Expect small amplitude differences after an inverse STFT. If your workflow depends on the absolute output level matching librosa, rescale the reconstructed audio (for example, to the source's peak or RMS) after reconstruction.

What is COLA?

COLA stands for Constant Overlap-Add. When you reconstruct audio from an STFT, the overlapping windowed frames are added back together. If those overlapping windows sum to a constant value at every sample position, the reconstruction has even gain everywhere — that is the COLA condition. librosa normalizes the window so this holds exactly; libsonare uses the raw window, so the summed level can differ slightly.

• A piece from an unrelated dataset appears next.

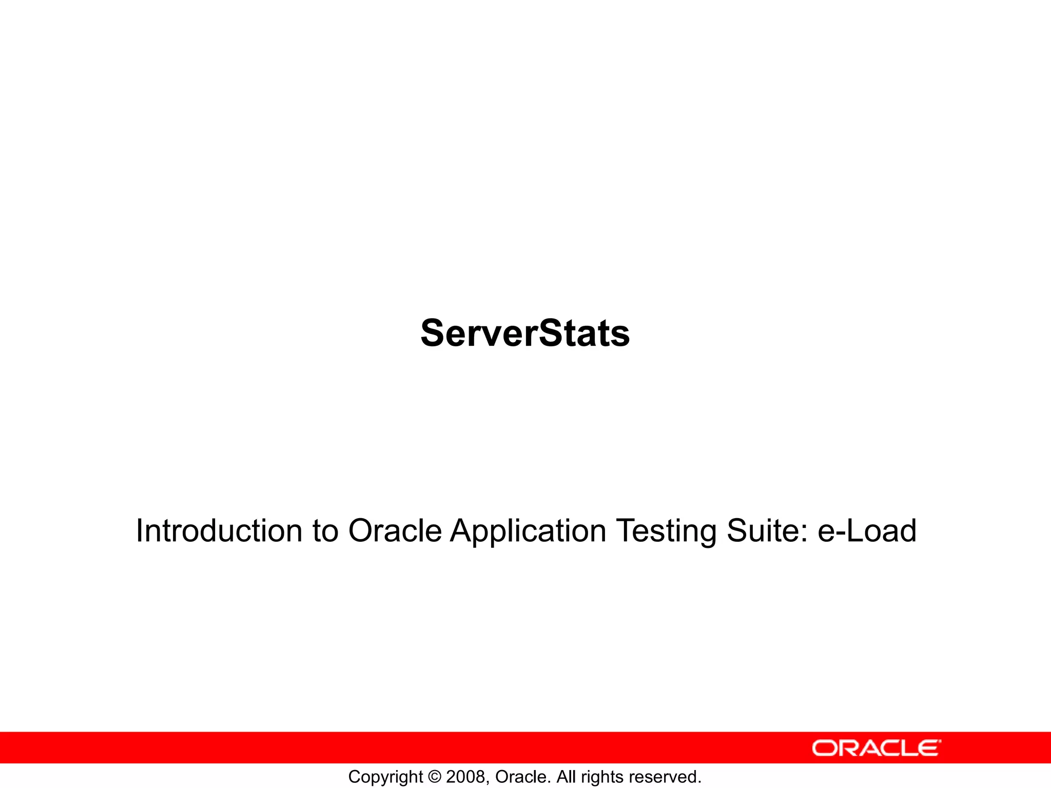 The document introduces Oracle Application Testing Suite's e-Load and ServerStats tools. ServerStats can monitor performance across application tiers in real-time with charts and alarms. It saves data to e-Reporter to correlate with load test results from e-Load for bottleneck analysis. Key server metrics discussed include CPU usage, memory usage, hits/requests per second, queue times, and disk and database activity. The document provides instructions for configuring new ServerStats monitors and metrics profiles to collect specific performance data from web servers, application servers, and database servers during load tests.

It only matters if you depend on the absolute output level after an inverse STFT.

Migration Guide

Python to TypeScript

librosa.load() defaults to mono audio at 22050 Hz. In the browser, decode the file first, downmix to mono if needed, and resample explicitly if you want to match that behavior.

Before (Python):

python
import librosa

y, sr = librosa.load('audio.mp3', sr=22050)
tempo, beats = librosa.beat.beat_track(y=y, sr=sr)
print(f"BPM: {tempo}")

After (TypeScript):

typescript
import { init, detectBpm, resample } from '@libraz/libsonare';

await init();

// Get audio from AudioContext
// Downmix stereo to mono before analysis if needed.
const samples = audioBuffer.getChannelData(0);

// Optionally resample to 22050
const resampled = resample(samples, audioBuffer.sampleRate, 22050);

const bpm = detectBpm(resampled, 22050);
console.log(`BPM: ${bpm}`);

Python to C++

Audio::from_file() keeps the decoded file sample rate. Resample explicitly if you want to match librosa.load(..., sr=22050).

Before (Python):

python
import librosa

y, sr = librosa.load('audio.mp3')
chroma = librosa.feature.chroma_stft(y=y, sr=sr)

After (C++):

cpp
#include <sonare.h>

auto audio = sonare::Audio::from_file("audio.mp3");
auto chroma = sonare::Chroma::compute(audio);
auto energy = chroma.mean_energy();

Performance Comparison

The short version: core spectral transforms (STFT, Mel, MFCC) are roughly tied with librosa, while iterative algorithms (HPSS, pYIN) and the full analysis pipeline are dramatically faster. The per-feature numbers, hardware details, methodology, and reproduction steps live in one place — see Benchmarks — so this page doesn't carry a copy that can drift out of date.

WebAssembly is generally slower than native C++; exact performance depends on the feature, browser, input length, and build settings. See Benchmarks for measured results.